A typical blurb features in the same format several times. Someone is falling over and pissing themselves laughing.

‘…Anyone who …doesn’t mind peeing slightly when they laugh too hard…’

‘…you will have a damp patch in an embarrassing place.’

‘…Due to the laughter you owe my secretary one pair of knickers.’

‘…Best not to read this book on the train if you have a full bladder.’

‘Publishing is easy, but you need to get your name out there.’ The line between selling books and self-aggrandisement, where does it begin or end? Karl Wiggins tells the reader he is no Mark Twain, but he also tells us several times he has been compared to Socrates and Bukowski. What advice would the budding Socrates give Jane Austen, for example? No Facebook page or profile. No Twitter account.  She published her work anonymously and little is known about her life.  I’d be inclined to follow humourist like Twain and his suggestion:  ‘Any library is a good library that does not contain a volume by Jane Austen.’   Take him or leave him, Karl Wiggins is the equivalent of Bernard Manning talking about those coloured chaps with big lips is all he asks. Jane Austen get your tits out for the boys.  ‘…To use piss-taking humour to bring to the fore situations that don’t stack up.’ ‘Oh, the banter,’ as comedian Ford Kiernan as Jack in Still Game is apt to say, before raise his eyebrows to signal dramatic irony to the camera.
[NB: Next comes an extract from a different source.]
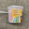 Strassenkreide 20er-Set im praktischen Eimer – je 10 cm lang, perfekt für bunte Straßenkunst. Kreativität entfalten, trotz beschädigtem Tragegriff!
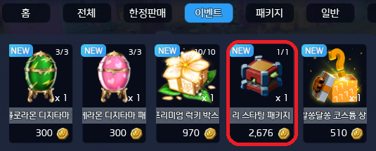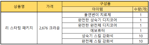 ※ 각 패키지는 2주 동안 3회 구매 가능하며, 2주마다 패키지가 변경됩니다.

‘Can you imagine arriving back on a time machine in the 60’s [sic]  with the quick, ready banter from the 21st century while everyone’s still laughing at a pie in the face?’

Yes, I can, and it wearies me. The sixties were not ruff collars and Elizabethan England. The Rolling Stones as far as I’m aware are still touring. The theory that how the speaker perceives and reacts to the world is dependent on the language they have at their disposal (Whorf’s hypothesis) is not new. Humour was not invented in the twenty-first century as Mark Twain and Laurel and Hardy show.

Other straw men include chavs: ‘I hate toilet seats because they is better than me. At least they have a job’.

The beardie is the kind of highbrow that Karl Wiggin’s despises. He’s skint because of his ‘superior intelligence’. I’d guess an online group such as the Mc Renegades fall into the beardie category: ‘We’re a bunch of Scottish writers who have some things in common. We write for pleasure, not money…’ I write for pleasure too, but I’d be more inclined to follow Spike Milligan’s lead: ‘This book is dedicated to my bank balance’. But as anyone knows the average earning of an author are under £4000 per annum. Even ‘vegetarian bicycle wearing, [I’m not sure what a vegetarian bicycle is or how to wear it] frowning, long-faced, stupid hat, stupid beard, stupid glasses, miserable twat, disapproving wanker into the broken, bitter mind, that is Bearded Hattie’ or people like me, would find that difficult to live on.

Harpie, one of my favourite authors, but one or two punctuation errors such as putting ‘Lizards Leap’ in italics and adding apostrophes [one or the other, but italics for the modern writer is better] gives ready ammunition to Beardies that self-publishing is not real publishing. In ‘Delusions’, she put it this way, her son ‘has gone without to fund my vanity and ego’. Later she says ‘Amazon sales is the definition of fool’s gold.’ But for the self-publishing author Amazon’s algorithm is god. Twitter’s algorithm tells others who we think we are. And the Facebook algorithm is fairground hall of mirrors in which nobody looks at the same thing, but everybody seems to be laughing. This book is a hotchpotch of different elements drawn from different sources. It needs a good edit. Would the real Karl Wiggins please stand up?